Data for review >>
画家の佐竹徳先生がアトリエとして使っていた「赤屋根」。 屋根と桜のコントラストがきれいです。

* * *

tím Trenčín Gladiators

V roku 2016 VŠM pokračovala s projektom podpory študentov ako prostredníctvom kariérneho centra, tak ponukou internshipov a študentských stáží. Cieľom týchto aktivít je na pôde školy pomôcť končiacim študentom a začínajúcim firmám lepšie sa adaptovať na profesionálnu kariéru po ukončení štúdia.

Task to complete >> From the line containing "tím Trenčín Gladiators" down to the line containing "V roku 2016" in the material above, reproduce every line exactly, including the two end lines.

Task response >>
tím Trenčín Gladiators

V roku 2016 VŠM pokračovala s projektom podpory študentov ako prostredníctvom kariérneho centra, tak ponukou internshipov a študentských stáží. Cieľom týchto aktivít je na pôde školy pomôcť končiacim študentom a začínajúcim firmám lepšie sa adaptovať na profesionálnu kariéru po ukončení štúdia.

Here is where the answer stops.